# Shipping Honey



## johng (Nov 24, 2009)

I've shipped 5gallon buckets USPS before it cost around $38. If your going to bottle it priority boxes work the best. UPS is more expensive.


----------



## bevy's honeybees (Apr 21, 2011)

I have shipped priority many times, until recently anyway. About a month ago I brought in a small priority which holds 2- 1lb flatter plastic jars of honey. I can't remember the style name but I get them from Mann Lake. I can send 2 lbs for $5.80. Medium/large box hold quite a bit more. 

Went to the counter which I've done for 2 years now and they always ask "liquid?" I say yes, honey. This time, they told me no more air on liquids, I have to repack and send by ground. I can't remember the cost but it was more than I wanted to pay. I ended up taking to a postal station that doesn't ask me that question and have sent honey since then but no longer at main post office. I watch tracking to make sure it's getting delivered. 

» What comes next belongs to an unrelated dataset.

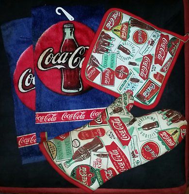 Title (ebay affiliate link): Coca-Cola dishcloth set (2 dish cloths, pot holder, & oven mitt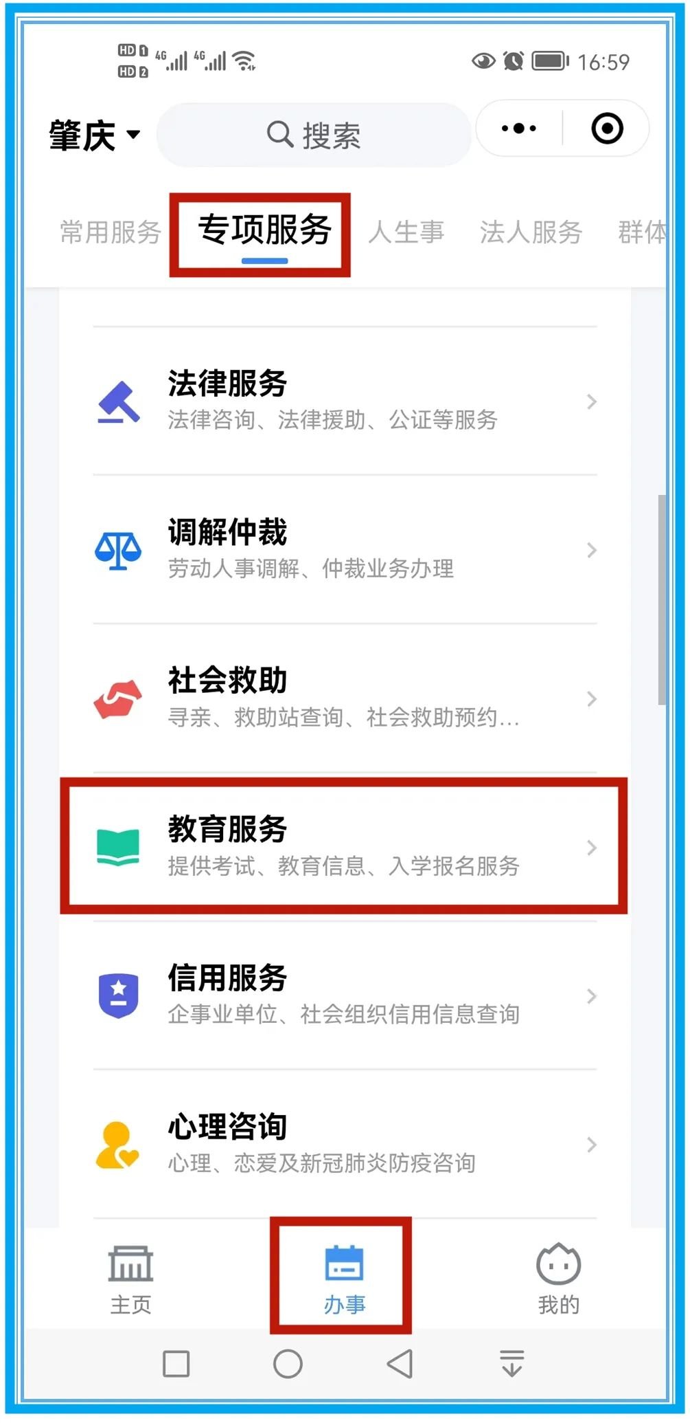 第一步:从粤省事小程序首页“办事”~“专项服务”的“教育服务”进入报名系统。

I don't understand why they refused to send honey as it isn't flammable or dangerous in any way. But the wouldn't, and I'm probably going to start sending by ups, through my son's business. 

Wanted to give you a heads up on what happened to me.


----------



## Mbeck (Apr 27, 2011)

My guess would be the change in pressure of air travel may cause leaks.

Priority works the best I just wish I had bottles that fit perfectly. Lots of things to consider when you choose packaging.

How about overseas? Does anyone have experience shipping?


----------